Task objective: Apart from the pictures, every entry below must be given again exactly.

Dataset entries
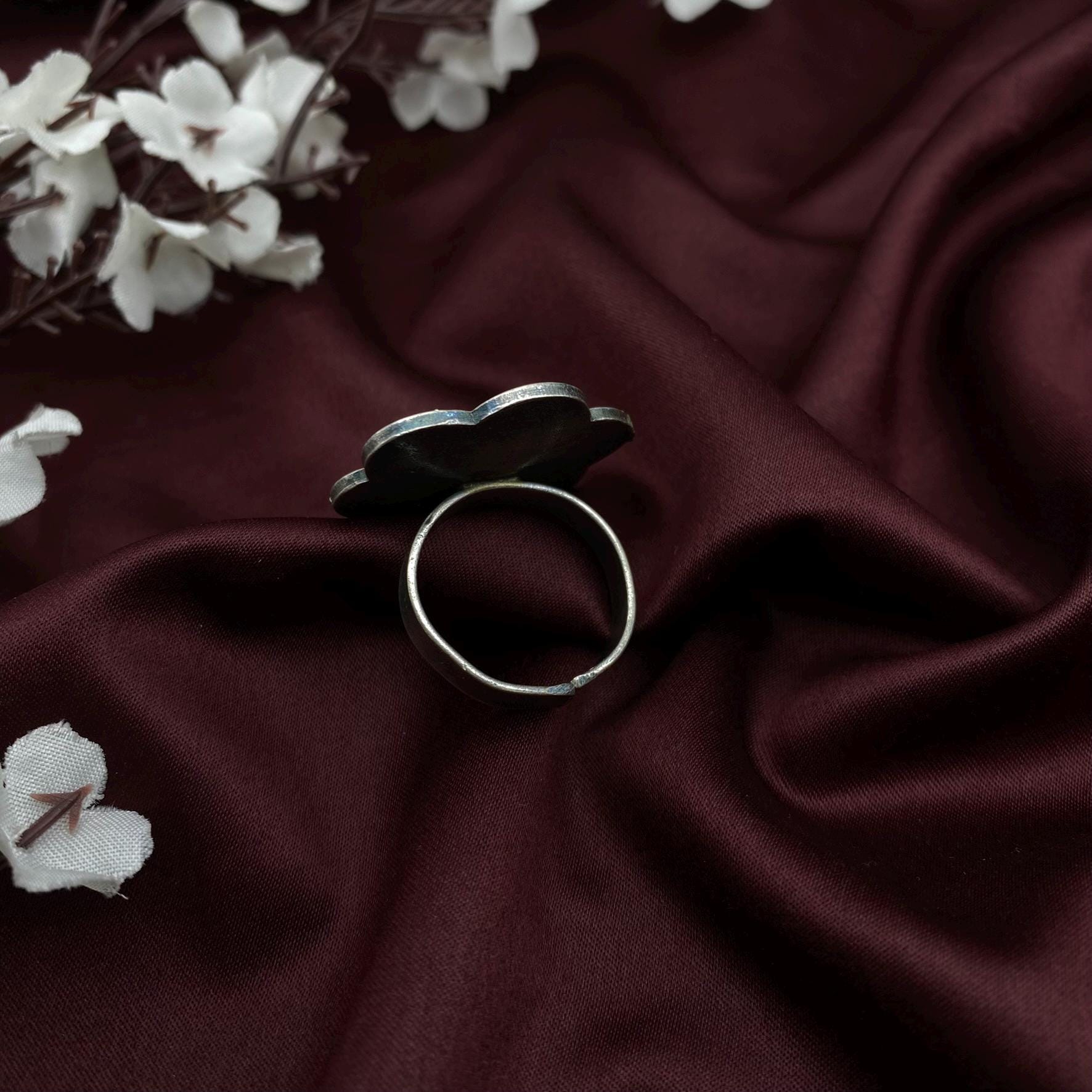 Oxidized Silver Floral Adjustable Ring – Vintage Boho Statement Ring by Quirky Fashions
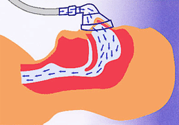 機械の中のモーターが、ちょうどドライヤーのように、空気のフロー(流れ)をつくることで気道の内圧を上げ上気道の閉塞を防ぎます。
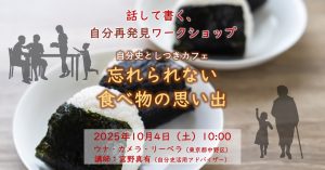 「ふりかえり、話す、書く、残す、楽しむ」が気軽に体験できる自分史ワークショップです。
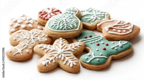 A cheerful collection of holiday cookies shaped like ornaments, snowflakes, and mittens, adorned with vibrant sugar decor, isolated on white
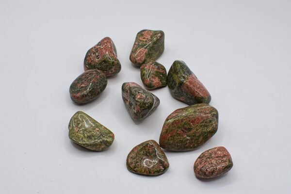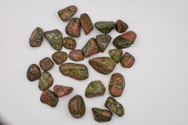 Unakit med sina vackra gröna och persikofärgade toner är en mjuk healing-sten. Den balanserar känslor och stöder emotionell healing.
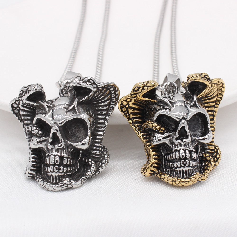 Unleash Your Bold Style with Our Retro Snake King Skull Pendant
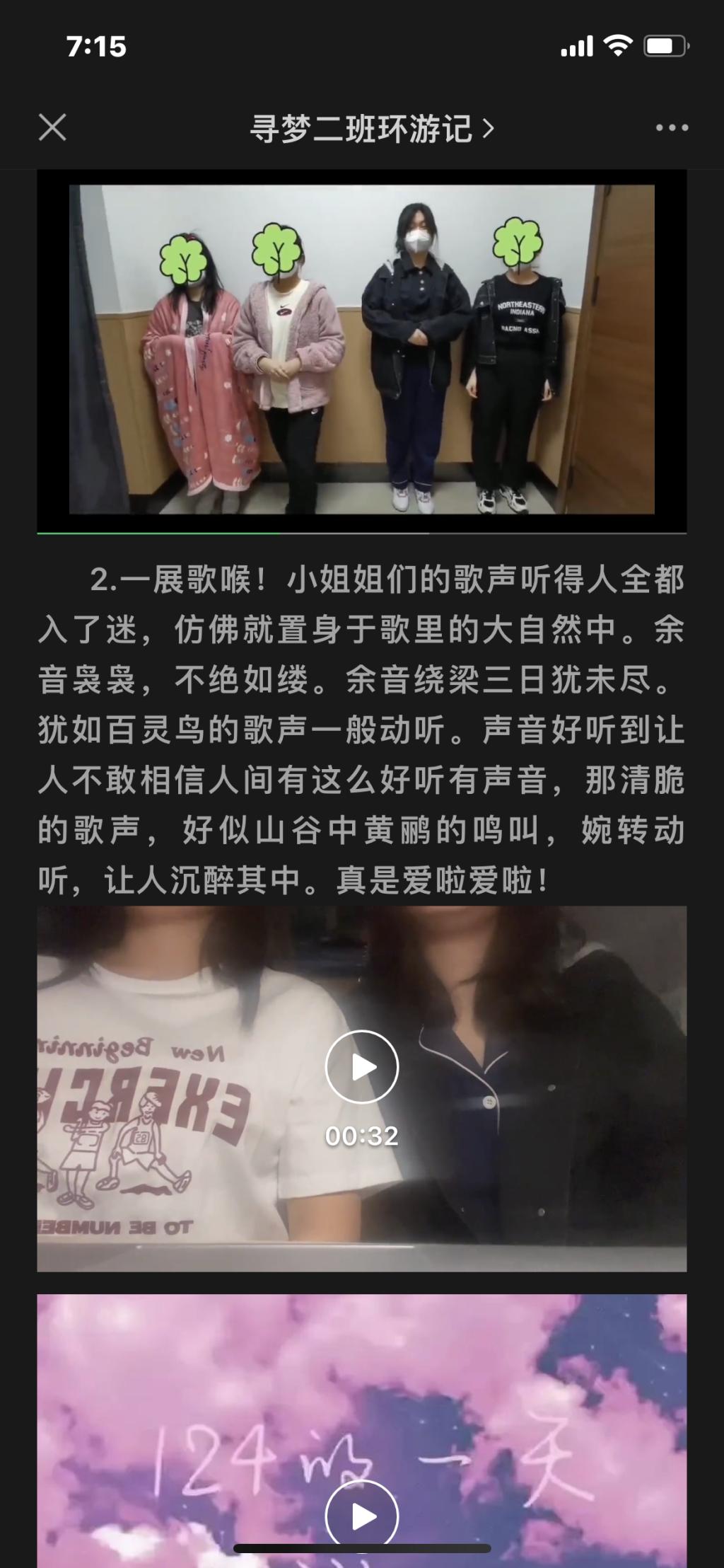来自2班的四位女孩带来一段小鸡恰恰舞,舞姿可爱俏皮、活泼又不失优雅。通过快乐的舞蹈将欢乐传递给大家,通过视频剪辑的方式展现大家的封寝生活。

Response area:
 Oxidized Silver Floral Adjustable Ring – Vintage Boho Statement Ring by Quirky Fashions
 機械の中のモーターが、ちょうどドライヤーのように、空気のフロー(流れ)をつくることで気道の内圧を上げ上気道の閉塞を防ぎます。
 「ふりかえり、話す、書く、残す、楽しむ」が気軽に体験できる自分史ワークショップです。
 A cheerful collection of holiday cookies shaped like ornaments, snowflakes, and mittens, adorned with vibrant sugar decor, isolated on white
 Unakit med sina vackra gröna och persikofärgade toner är en mjuk healing-sten. Den balanserar känslor och stöder emotionell healing.
 Unleash Your Bold Style with Our Retro Snake King Skull Pendant
来自2班的四位女孩带来一段小鸡恰恰舞,舞姿可爱俏皮、活泼又不失优雅。通过快乐的舞蹈将欢乐传递给大家,通过视频剪辑的方式展现大家的封寝生活。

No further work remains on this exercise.